Determine the type of chemical reaction, find the limiting reagent, determine the amount of product in grams, and the amount in grams of excess reagent.
6.95 moles of glucose C6H12O6(s) is combusted with 7.54 moles of O2 gas (both products!)
C6H12O6(s) + 6O2(g) --> 6CO2(g) + 6H2O
Chemical reaction: combustion
Molar Mass C6H12O6 = 180 amu. 1moleC6H12O6 = 180gC6H12O6
Molar Mass O2 = 32 amu. 1moleO2 = 32gO2
6.95molesC6H12O6 (180gC6H12O6 / 1moleC6H12O6) = 1250gC6H12O6
7.54molesO2 (32gO2 / 1moleO2) = 241gO2
For every 1mole C6H12O6, there are 6molesO2
Limiting reagent: C6H12O6
Product is 1491
When the problem said that the glucose and oxygen were products, does that mean that they are on the right side of the yield sign? Would that change everything? I do not think I am doing this problem right. Could you please tell/show me what I'm doing wrong? I also don't think I addressed the last question. Please help. Thanks!
Based on the chemical equation provided, it appears there might be some confusion regarding the reactants and products. Let's clarify some key points to help you solve the problem correctly.

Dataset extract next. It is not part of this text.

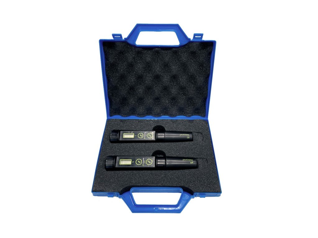 Milwaukee EC66 a pH51 sada v kufríku. Pre svoju odolnosť sú ideálne pre pestovateľské účely. Balenie obsahuje kalibračné roztoky.
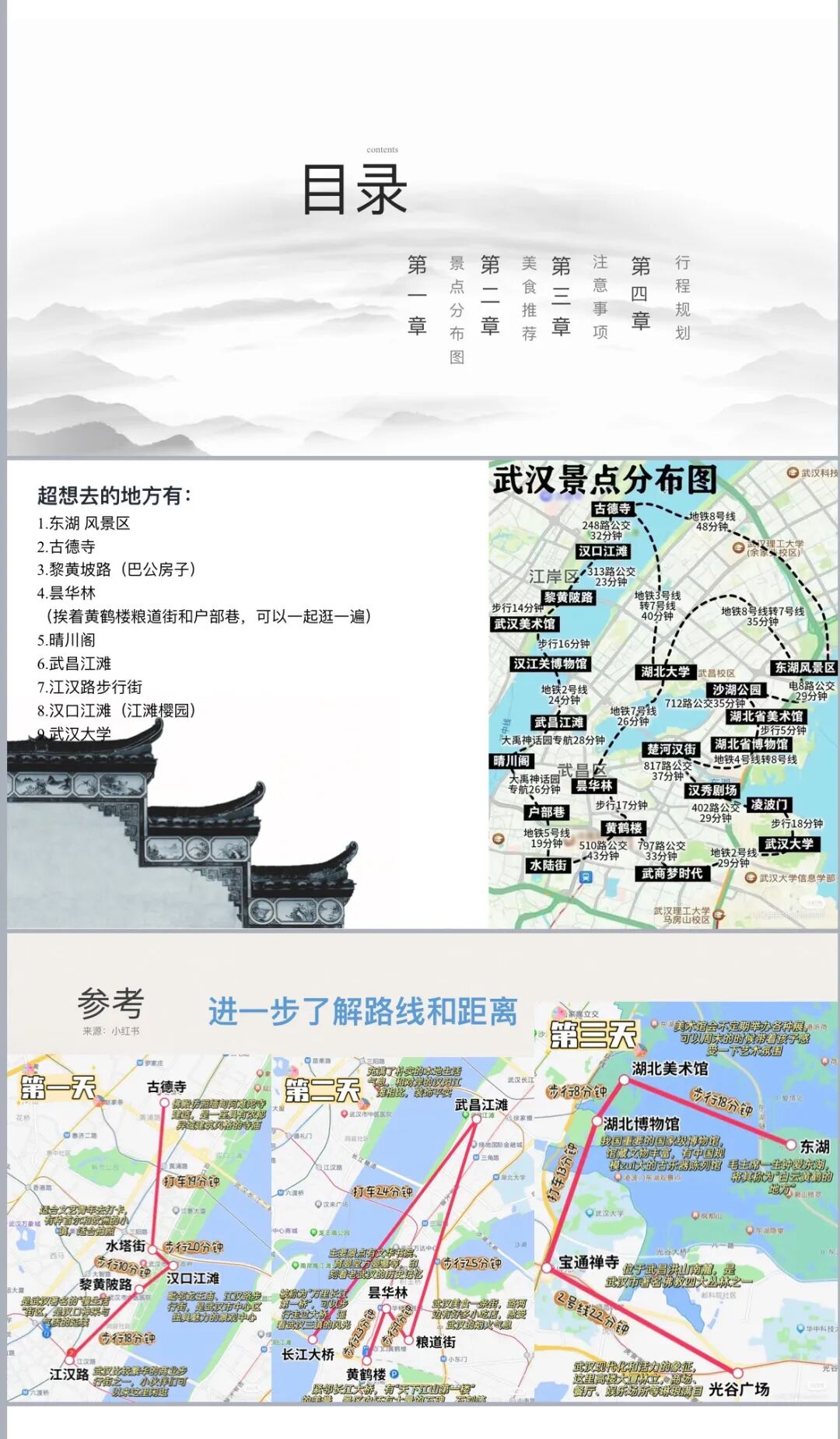 为了这趟武汉之行,我可是早早做了准备,还特意花了五六个小时用PPT的形式做了一份23页的旅游攻略。这份攻略整合了很多网友的智慧,包括景点分布图、美食推荐、注意事项、行程规划四个章节,每个章节都根据我自身情况做了“特色安排”。比如,我和朋友喜欢拍照,想在美丽的东湖边拍出“人生照片”,我就在网上搜罗了各种在东湖边拍照的姿势以及打卡点推荐;我和朋友都比较爱休闲旅游,我就整理了一些网友体验过的行程规划,主打一个省心省力不费事。

In a chemical equation, the reactants are typically placed on the left side of the arrow (yield sign), while the products are on the right side. In this case, glucose (C6H12O6) and oxygen (O2) should be the reactants because they are being combusted to form the products carbon dioxide (CO2) and water (H2O):
C6H12O6(s) + 6O2(g) -> 6CO2(g) + 6H2O(g)
To determine the limiting reagent, you need to compare the number of moles of each reactant to the stoichiometric ratio given by the balanced chemical equation. The stoichiometric ratio states that 1 mole of C6H12O6 reacts with 6 moles of O2.
Given:
Moles of C6H12O6 = 6.95 mol
Moles of O2 = 7.54 mol
To find the limiting reagent, you can calculate the moles of each reactant needed to react completely based on the stoichiometric ratio:
Moles of C6H12O6 needed = 6.95 mol
Moles of O2 needed = 6.95 mol x (6 mol O2 / 1 mol C6H12O6) = 41.7 mol
Comparing the moles of O2 needed (41.7 mol) with the actual moles of O2 available (7.54 mol), you can see that O2 is the limiting reagent because it is less than the required amount.

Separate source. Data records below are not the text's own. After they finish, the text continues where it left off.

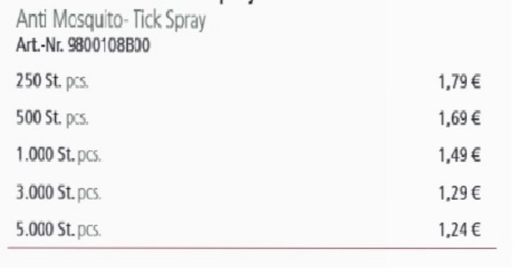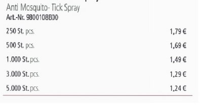Preisliste Anti Mückenspray Details
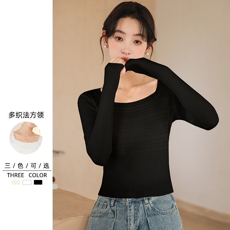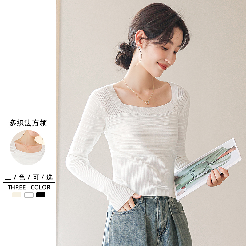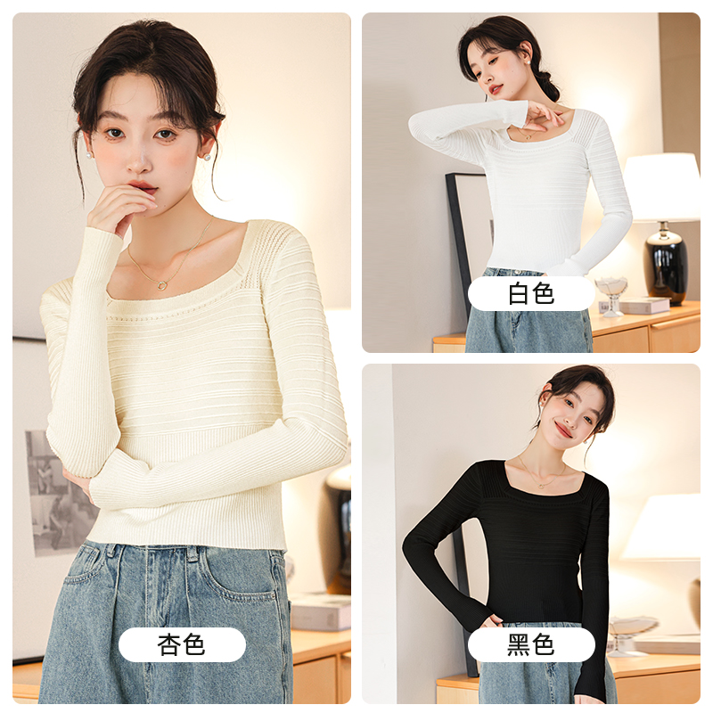毛衣高级感长袖 方领镂空针织衫 短款 气质修身 女开春穿搭内搭打底衫
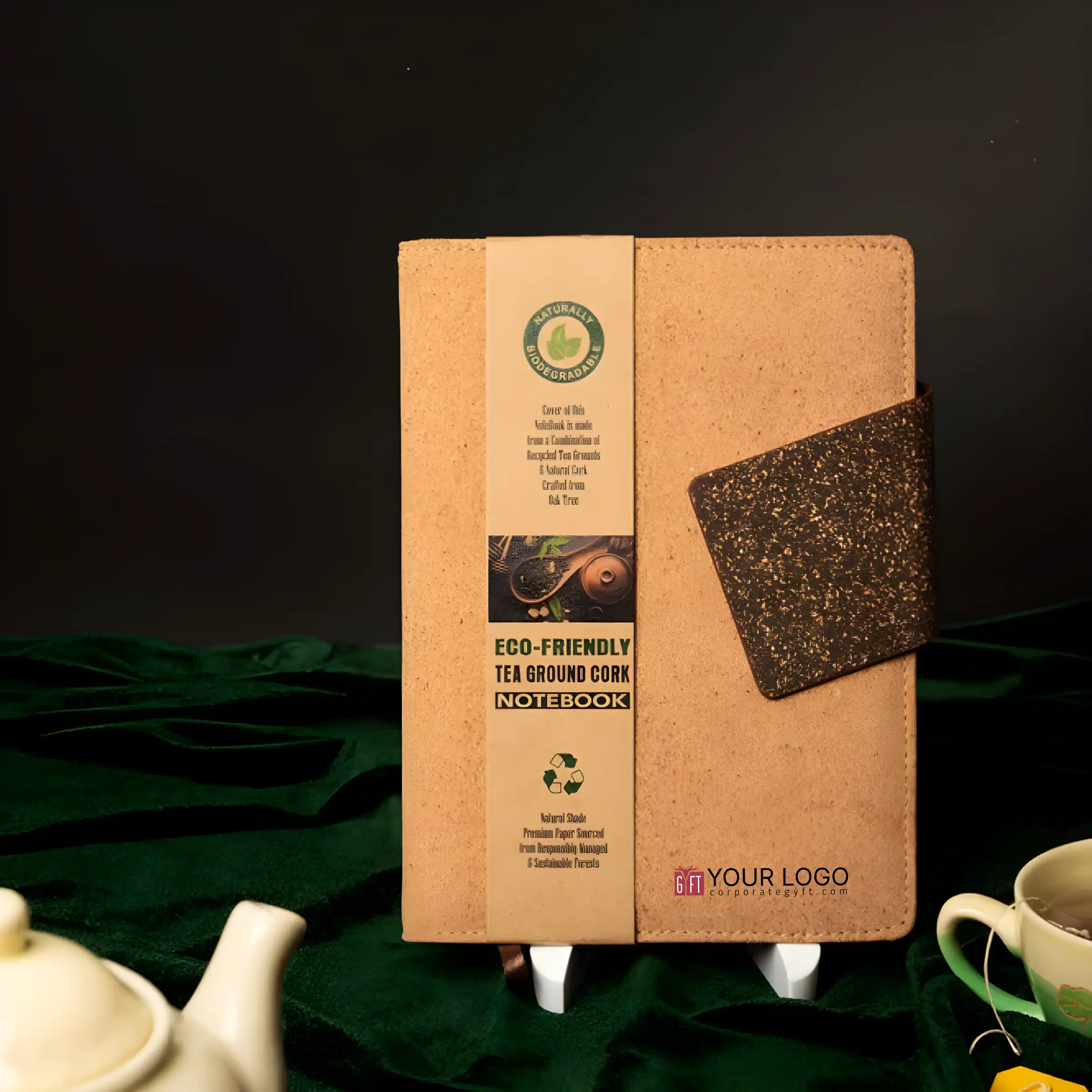 Celebrate sustainability with an elegant notebook and pen gift set designed for everyday use and thoughtful eco-friendly gifting. The notebook features an elastic band closure and a unique tea-ground cork cover that adds natural texture and durability. Paired with a smooth-writing pen featuring a comfortable grip and metal tip, the set ensures a pleasant writing experience. Packed in a sturdy kraft-style rigid gift box, it delivers a clean and earthy presentation perfect for sustainable corporate gifting, eco hampers, onboarding kits, students and business events. Custom branding options allow every gift to reflect your brand’s commitment to quality and the environment.
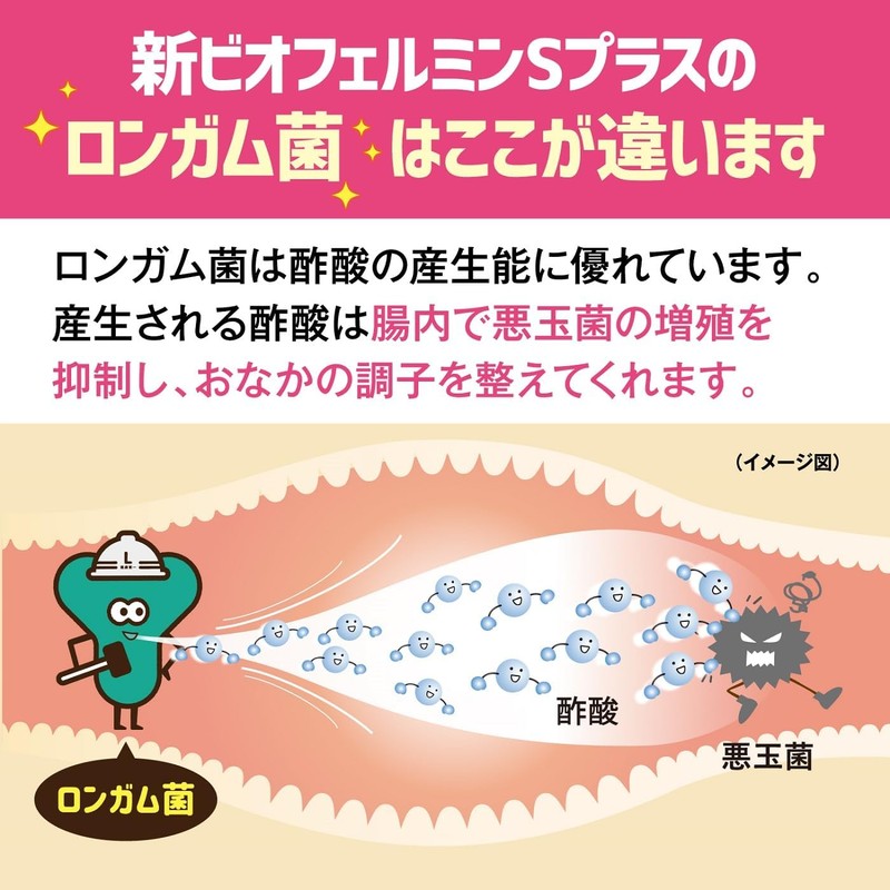 Product Benefits | The Shin Biofermin® S Plus Tablet is an orthopedic drug that contains Longham bacteria in the previous product (Biofermin® S tablets). The 4 types of lactic acid bacteria derived from humans suppresses the growth of germs, and helps to condition the disrupted intestinal flora and improve the symptoms of stomach (soft feces, constipation, and belly bloss)The Shin Biofermin® S Plus Tablet is an orthopedic drug that contains Longham bacteria in the previous product. |
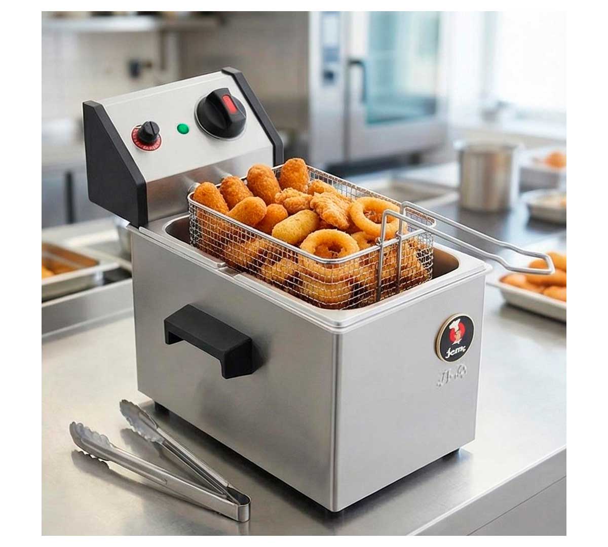 La Freidora de Sobremesa J-3 de Jemi está fabricada en acero inoxidable. Este modelo garantiza una temperatura constante para una buena fritura mediante un control termostático.

Next, let's calculate the amount of product (CO2) that can be formed based on the limiting reagent. From the stoichiometric ratio, we know that for every 1 mole of C6H12O6, 6 moles of CO2 are produced.

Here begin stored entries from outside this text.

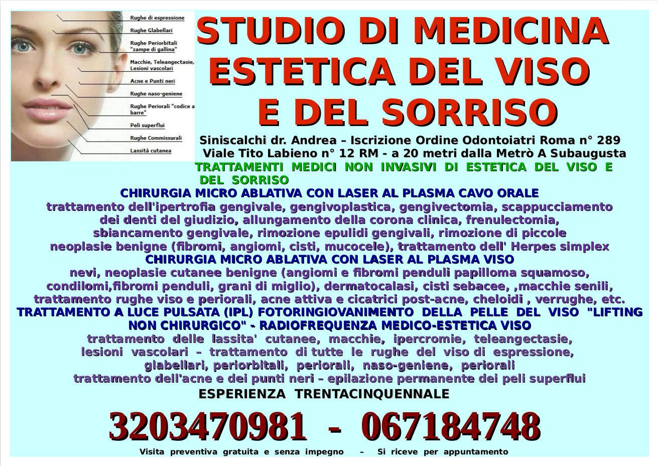 Sono titolare dal 1897 di STUDIO ODONTOIATRICO CON ANNESSO LABORATORIO ODONTOTECNICO e di STUDIO DI MEDICINA ESTETICA DEL VISO E DEL SORRISO sito in viale Tito Labieno 12 metrò A Subaugusta.
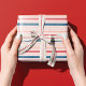 Modern watercolor stripe pattern wrapping paper. Design features our multicoloured blush pink, red, blue and faux gold watercolor stripe design on a light pink background.
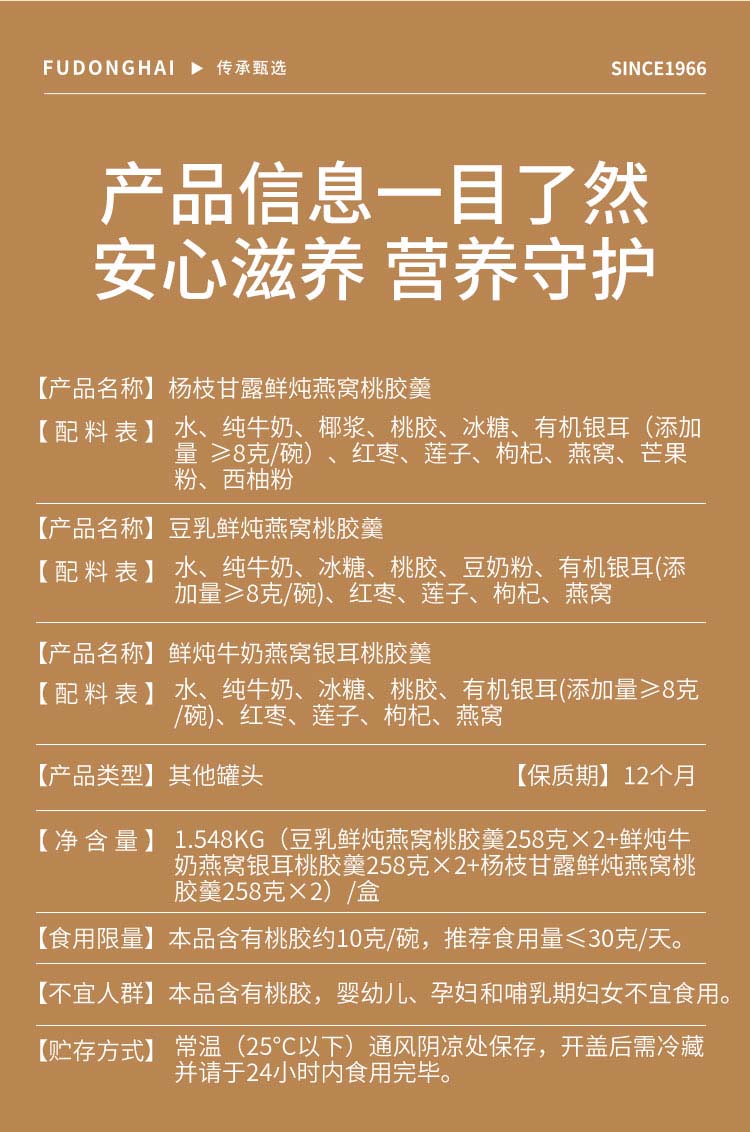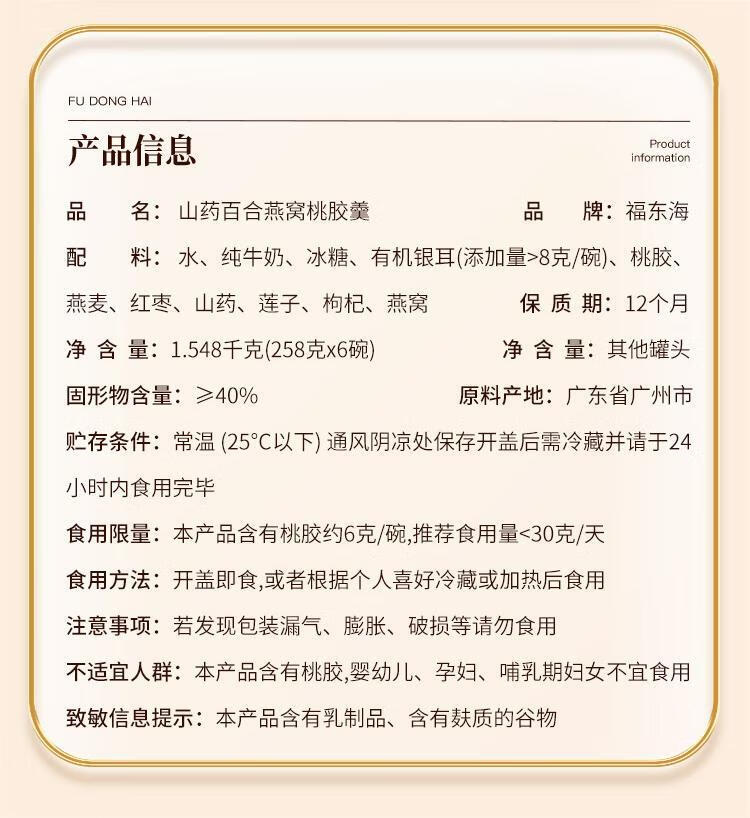 福东海 山药百合燕窝粥 1548克(258克×6罐)/盒

Amount of CO2 in grams = moles of C6H12O6 x (6 mol CO2 / 1 mol C6H12O6) x molar mass of CO2
Given:
Molar mass of CO2 = 44 g/mol
Amount of CO2 in grams = 6.95 mol x (6 mol CO2 / 1 mol C6H12O6) x 44 g/mol = 1821.6 g
Therefore, the amount of CO2 product formed is 1821.6 grams.
Finally, to calculate the amount of excess reagent (the reactant that is not completely consumed), you can subtract the moles of the limiting reagent from the moles of the excess reagent. In this case, the excess reagent is C6H12O6, and we already know that we have 6.95 moles of it.
Amount of excess C6H12O6 in grams = moles of C6H12O6 - moles of C6H12O6 used (as the limiting reagent) x molar mass of C6H12O6
Amount of excess C6H12O6 in grams = 6.95 mol - 6.95 mol x molar mass of C6H12O6
Given:
Molar mass of C6H12O6 = 180 g/mol
Amount of excess C6H12O6 in grams = 6.95 mol - 6.95 mol x 180 g/mol = 0 g
Therefore, there is no excess C6H12O6 remaining as the limiting reagent consumes it entirely.
I hope this clarifies the steps and helps you solve the problem correctly!